In this case, I was able to re-use most of the converter code from ai-edge-torch that adds signatures for different prefill lengths & the decode (1) into the same Program; I just had to implement some code specific to the Mamba mask and cache for IO:
prefill_mamba_cache = None
decode_mamba_cache = None
prefill_mamba_masks = None
decode_mamba_mask = None
if pytorch_model.has_mamba_blocks():
prefill_mamba_cache = mamba_utils.MambaCache.from_model_config(config)
decode_mamba_cache = mamba_utils.MambaCache.from_model_config(
config, batch_size=export_config.decode_batch_size
)
prefill_mamba_masks = _build_mamba_mask(prefill_seq_lens)
decode_mamba_mask = _build_mamba_mask(1)
def _maybe_add_mamba_to_kwargs(sample_kwargs: Dict, is_prefill: bool = False):
cache = prefill_mamba_cache if is_prefill else decode_mamba_cache
if cache is not None:
sample_kwargs[’mamba_cache’] = cacheNote that the default conversion in ai-edge-torch uses dynamic 8-bit quantization. I kept it as-is since it didn’t seem to cause much of an (anecdotal) degradation in the model output!
3) Running the model!
Finally, I was ready to run the model on my M1 Pro Macbook. By default, LiteRT uses XNNPack delegate with CPU and I was fine with that.
The dense (non-Mamba) version:
INFO: Created TensorFlow Lite XNNPACK delegate for CPU.
Running prefill
Running decode
New York City is a global hub for culture, art, and entertainment. It’s home to iconic landmarks such as the Statue of Liberty, the Empire State Building, and the Broadway theater. The city also offers a rich history, diverse food scene, and a vibrant nightlife.
Metrics:
Time to First Token (TTFT): 56.35 ms
Average Time Between Tokens (TBT): 28.62 msThe hybrid version with MambaV2 (naively 10% faster TBT, but more terse):
INFO: Created TensorFlow Lite XNNPACK delegate for CPU.
Running prefill
Running decode
(b) The best place to visit in New York is the Statue of Liberty.
Metrics:
Time to First Token (TTFT): 36.81 ms
Average Time Between Tokens (TBT): 25.72 msFor an understanding of what happens lower down the stack for last-mile compilation & running, I recommend the executorch documentation which outlines graph capture, compiler passes, and hardware-specific delegation.

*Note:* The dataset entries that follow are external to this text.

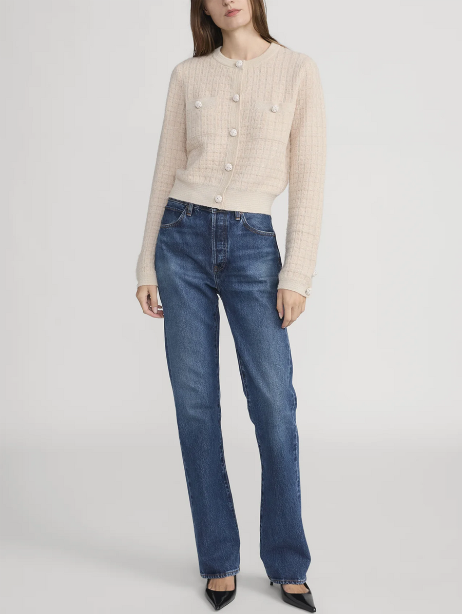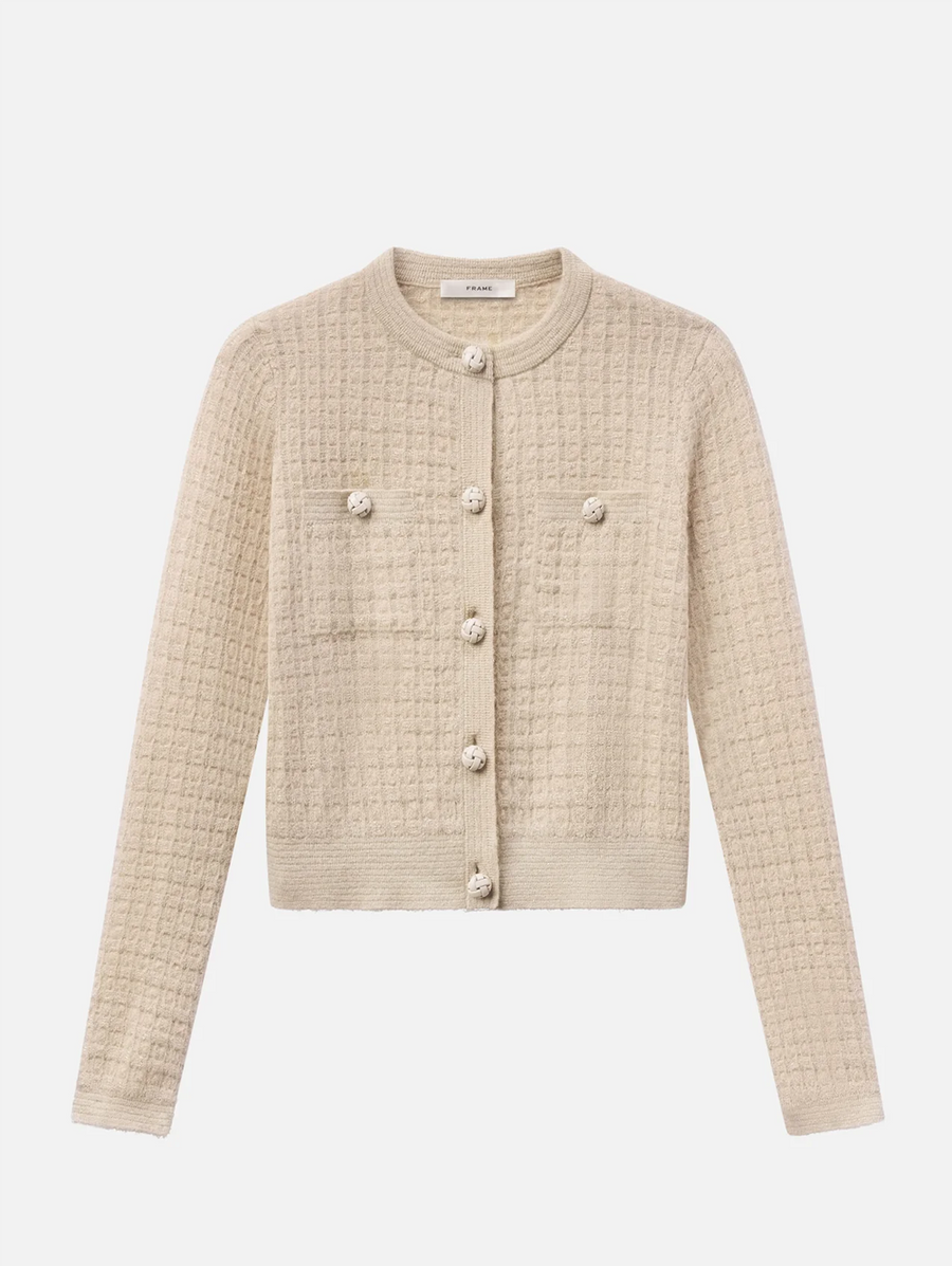 Amy Says... A modern take on a preppy classic, knit from a fine baby alpaca blend yarn. The Lurex Check Cardi features double front pockets and a lurex check pattern for texture and dimension. Finished with delicate, feminine, white braided buttons. Endlessly versatile, style it with your favorite denim for an everyday look, or over a maxi skirt for a more feminine feel. Shop Sweaters.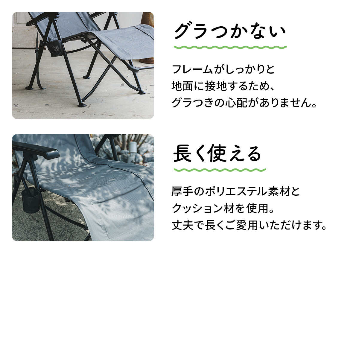 他の画像を見る 在庫切れ 即納 クイックキャンプ(QUICKCAMP) [訳あり] リクライニングチェア グレー QC-RC120-T 販売価格 ¥ 7,480 税込 %OFF 重力を忘れるような心地よさ。自由自在なリクライニングで、アウトドアのくつろぎを無限大に。コンパクトに収納できる収束フレームで、どこでも手軽にリラックス。 詳細を見る お気に入り登録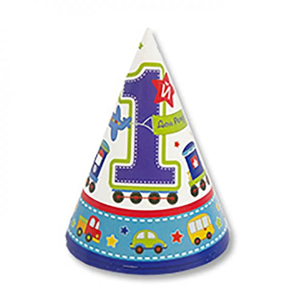 - Веселые колпачки для первого праздника мальчика - годовасия, коллекция All Aboard.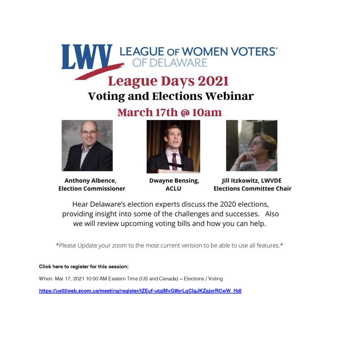 Join @LWVDE for the second event of their League Days series.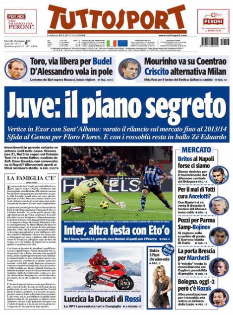 TUTTOSPORT CALCIOMERCATO JUVENTUS – Su Tuttosport si parla del calciomercato Juventus con la famiglia Agnelli che ha varato le strategie di mercato fino al 2013/2014.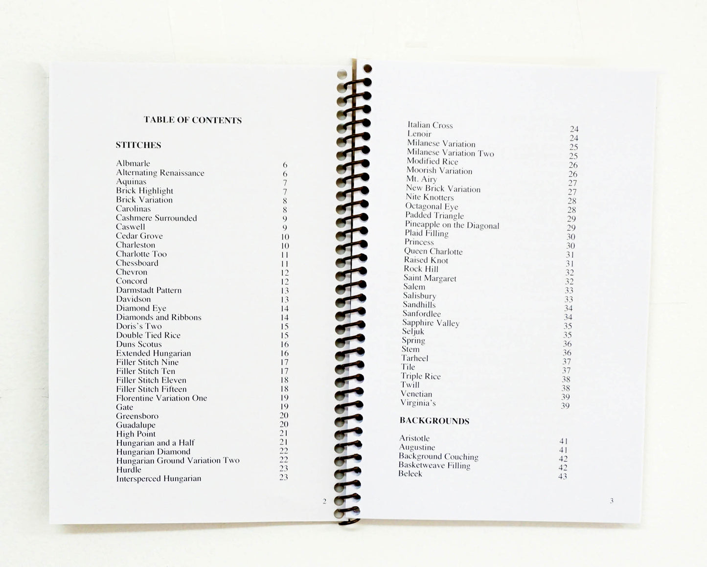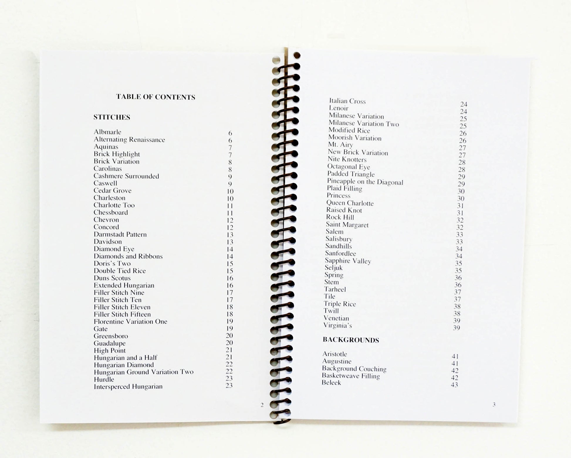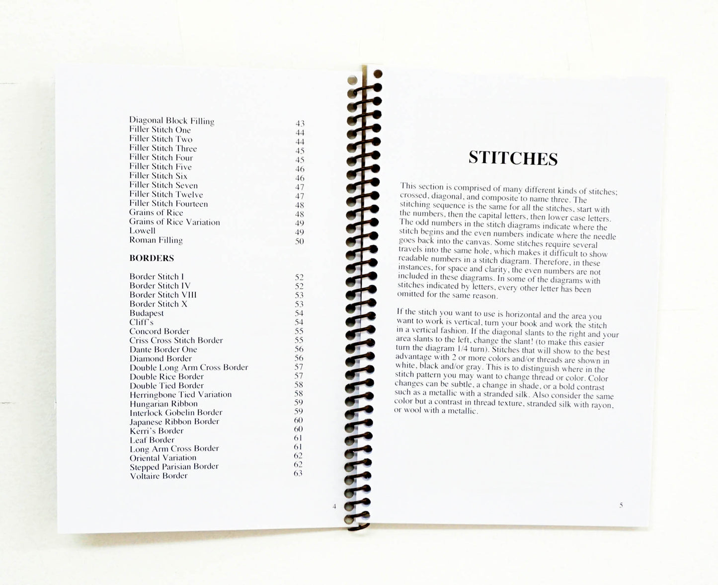 This is a Very Comprehensive, excellent reference manual for all level of stitchers. 8.5" by 5.75" spiral bound, Soft Cover book. Perfect size to take with you !!!!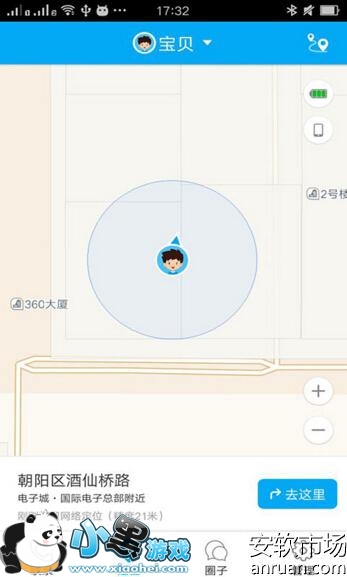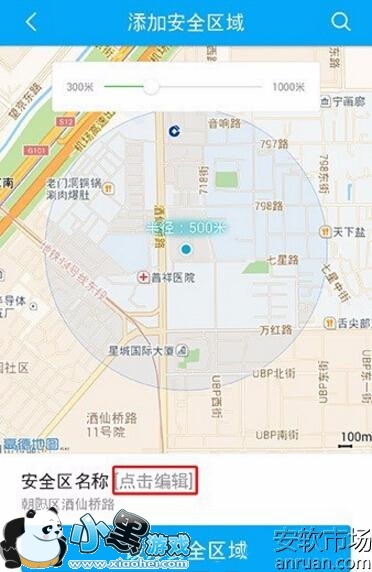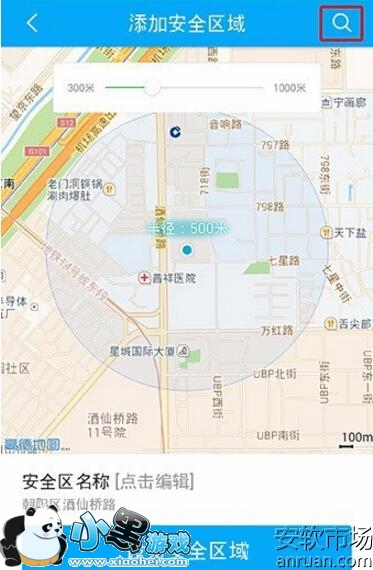 3、这时候就会进入到地图界面,一般都会需要定位下你当前的位置,当然也可以通过点击右上角的放大镜符号,搜索你指定要定位的位置,并且该位置还可以设定为安全区域的中心,如果你想 把安全区域的范围设置大一些,可以滑动360儿童卫士手表中地图的数轴,一般范围是300-1000米左右,选一个你认为合适的距离就可以了。

All the code for this experiment is here.
4) Parting thoughts…
There are some things I would have done as follow-ups if I was seriously shiping this to production, such as… Run the model with DSP/NPU/etc to check performance across accelerators, Write tests to check quality of converted model vs the re-authored Pytorch code, try out different compression schemes (and maybe even compressing the KV cache), etc.

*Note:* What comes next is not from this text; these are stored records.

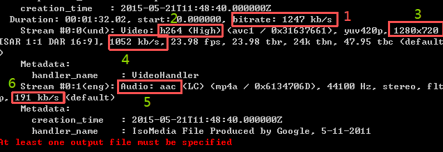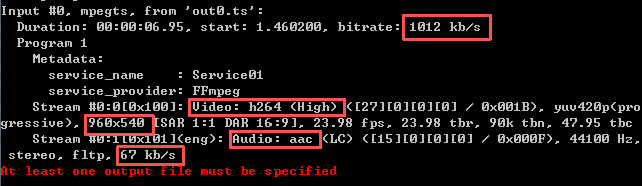 源视频数据流情况如下图(使用命令ffmpeg –i 视频名称,查看):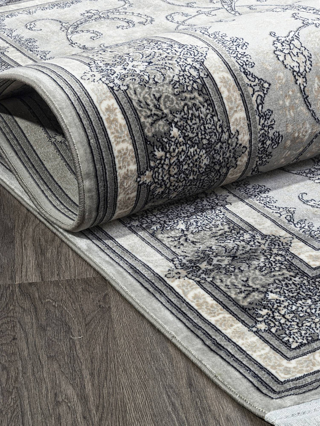 Коротко: «Ковер KASHAN 752197 000» (KASHAN, IRANOS, Иран) — ковер для дома, гостиной. материал: полипропилен, стиль: в классическом стиле, цвет: серый, кремовый, ворс: 12 мм, плотность: 2100000 точек/м², основа: джут, ориентирован на классическую подачу, страна производства: Иран.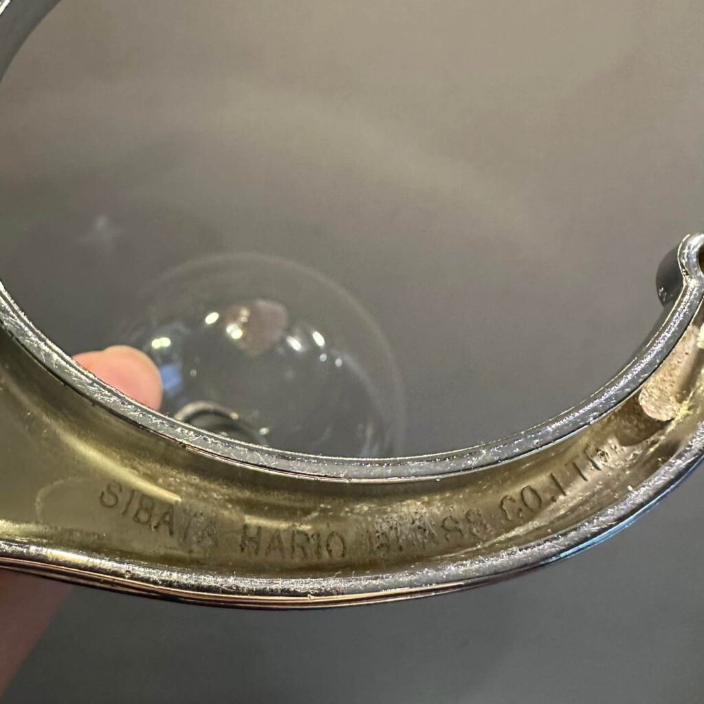 一般我們常見的HARIO TCA-3是L型直角的,下座完整電鍍寫的是HARIO,但可看到我還有一隻他的提把和底座的形狀和花紋都有濃濃的復古感,他寫的是SIBATA HARIO,底部有點歲月的痕跡

Most edge inference frameworks make the implementation/documentation of Python-based test harness for their model artifacts an after-thought, but I don’t think thats right. Model authors (especially people from the research/optimization world) aren’t experts in C++ or building native code. My code to run the tflite artifacts was taken from this deepseek notebook.
I really like how ai-edge-torch provides great building blocks with just the right amount of abstraction to “assemble” different types of transformers with good huggingface integration. To add a novel concept (Mamba), I didn’t need to dig too much into multiple layers of abstraction. The actual lower-level infra (LiteRT) is ofcourse awesome (and I have worked on it in a past life :-) ), but these kinds of exporting frameworks will be valuable for power-users.